Jan 25, 2010 07:52 GMT  ·  By
Danish politician Connie Hedegaard hosted the UN Climate Change Conference in Copenhagen 2009
   Danish politician Connie Hedegaard hosted the UN Climate Change Conference in Copenhagen 2009

One of the only achievements of last December's UN Climate Summit, held in Copenhagen, was the promise that the developed world made to developing and poor countries. The terms of the agreement dictated that rich nations would provide about $30 billion in funding to the rest of the world, over a period of three years, to help them combat the effects of climate change and global warming. Now, a group of developing nations known as Basic (China, India, Brazil and South Africa) urges the developed world to make good on its word and make the $10 billion alloted for 2010 available as fast as possible.

The request was officially forwarded to the nations that pledged the money at a meeting the four states had in Delhi, India. Representatives from Basic said that the countries that promised to help fund the Third World needed to start distributing the money as soon as possible, “as proof of their commitment” to fighting climate change. The issue here is the non-binding nature of the Copenhagen agreement. This was a widely criticized part of it once the UN Summit was over. Nothing that was decided and agreed upon in the Danish capital is legally binding, which means that every government that pledged money for the international funds can backtrack whenever it feels like doing it.

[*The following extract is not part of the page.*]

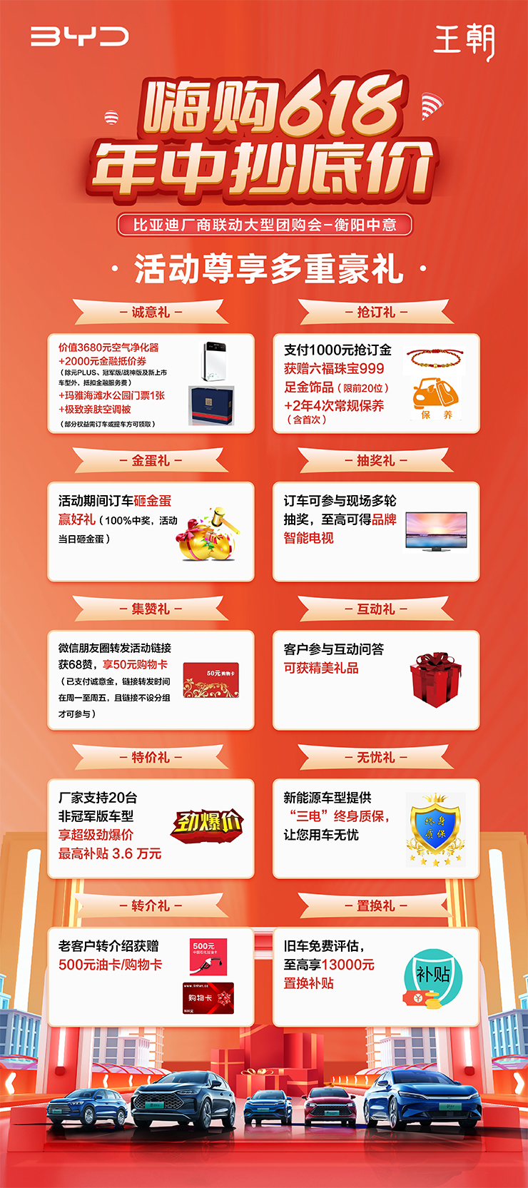 168元诚意金=价值3680元空气净化器+2000元金融抵价券(除元PLUS、冠军版/战神版及新上市车型外,抵扣金融服务费)+玛雅海滩水公园门票1张+极致亲肤空调被+循环抽奖+集赞领50元购物卡(部分权益需订车或提车可领取)

Chinese officials said after the Delhi conference that the first round of money should go to the least developed nations of the world, those in Africa, and also to small island states. The second category is the most likely to experience the full, devastating effects of a global rise in sea levels, brought forth by global warming. Already, many of these states are saying that they are losing territory to rising waters at a very fast pace, so they need to start mitigating these events as fast as possible. This was one of the main reasons why the fund was created in the first place, the BBC News reports.

This week marks a very important stage of the Copenhagen agreement, in the sense that it represents the deadline nations must respect in sending the UN figures of how much greenhouse emissions they will save over the coming years. But none of their pledges will be legally binding, which means that they can pull out of them as soon as they want to. Yvo de Boer, the executive secretary of the UN Framework Convention on Climate Change, said that the deadline was “soft,” and that nations meeting in Copenhagen failed to achieve the international agreement required to make a considerable impact on global warming and climate change. The next UN Summit on Climate Change will he held this December, in Mexico.